Teyf, a wealthy Raleigh resident, is facing a number of federal charges.
Teyf, 57, was indicted in November on dozens of federal counts, including a kickback scheme and murder plot.
Court documents detail a plan to have the man his wife, Tatyana, was "having an affair with" deported to Russia and murdered.
In December, the FBI raided the Teyfs sprawling North Raleigh home.
In a new motion, Teyf's attorneys argued that Teyf is not a flight risk, that he is not a threat to the community and that staying in jail is having a "negative impact" on his health.
Federal prosecutors noted in opposing that filing, that "the defendant boldly asserts that an individual would have to be suffering from a 'mental disease' or 'defect' to continue to engage in criminal conduct once their criminal scheme has been exposed."
Prosecutors countered that by saying "if this were the case, no individual charged would ever need to be detained as a danger to the community. Sadly, just the opposite is true."

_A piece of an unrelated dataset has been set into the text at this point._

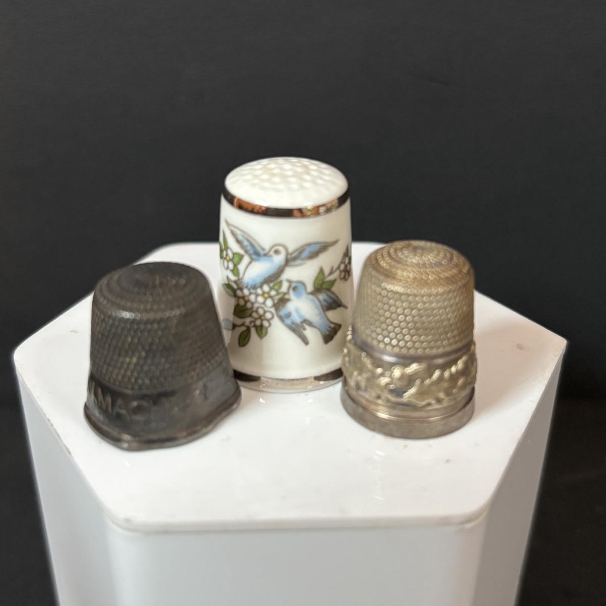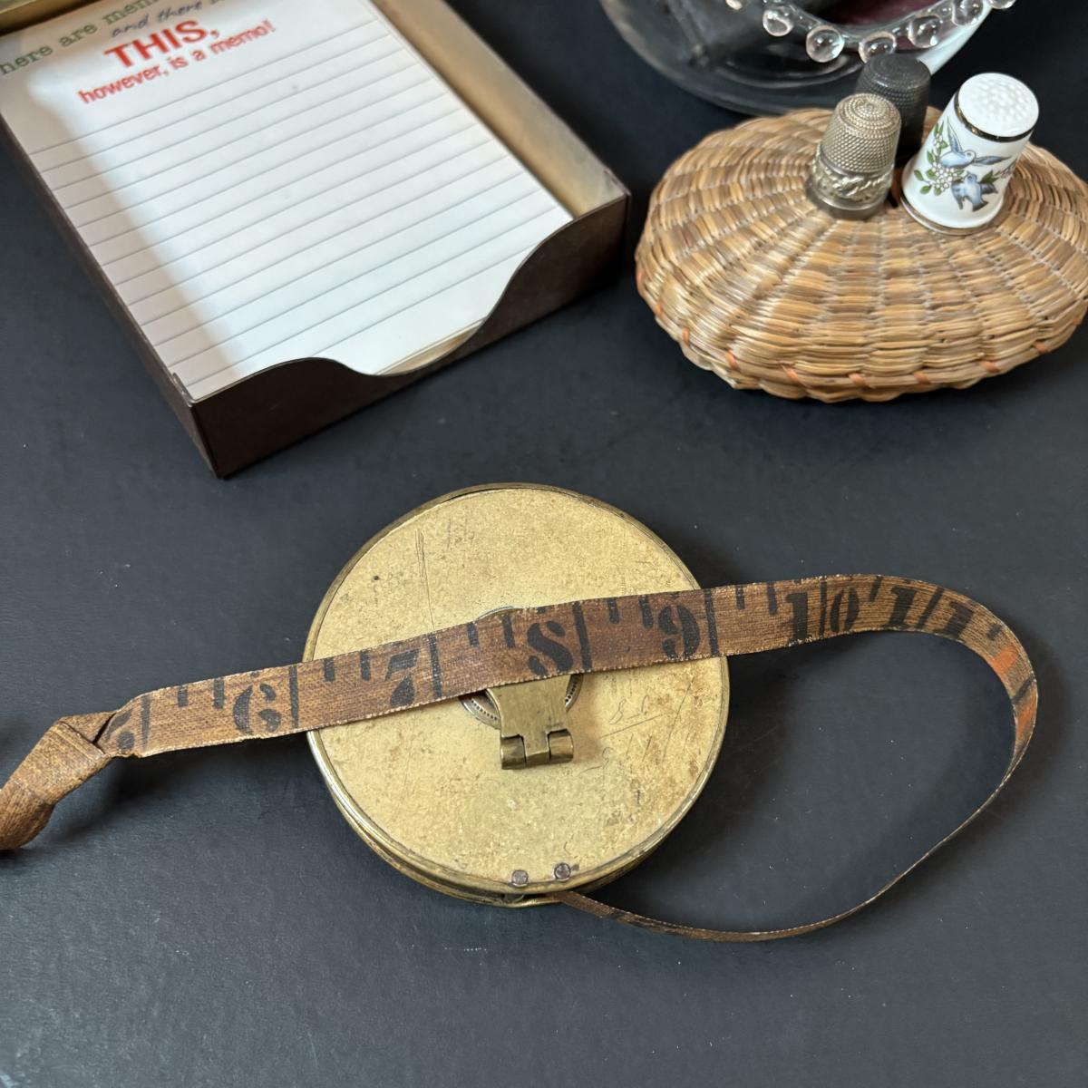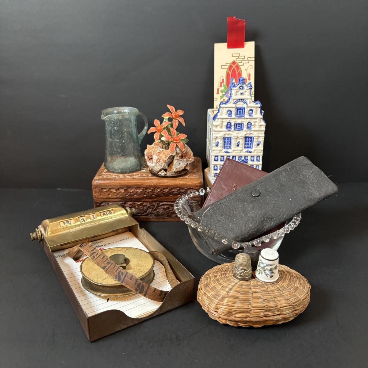 LOT 108: Vintage Collectible Finds: Tape Measure, Perpetual Calendar, Sterling Silver Thimble, Royal Worchester Thimble, Hand Crafted Enamel/Coral Floral Arrangement, Delft Blue Canal House & More

The document also showed that FBI Special Agent Kinney testified that Teyf planned to pin the blame for the lover's murder on his own wife, Tatyana, should the hitman "be caught and questioned."
The prosecutors also spell out in alarming detail how Teyf allegedly spoke numerous times to a potential federal witness of the anguish he felt at the thoughts of his wife's lover and proclaimed in profanity-laced tirade of how he would "shoot him in his knee so he would (expletive) tell me everything, then I'll (expletive) whack him. ... I would just strangle him any second with one hand."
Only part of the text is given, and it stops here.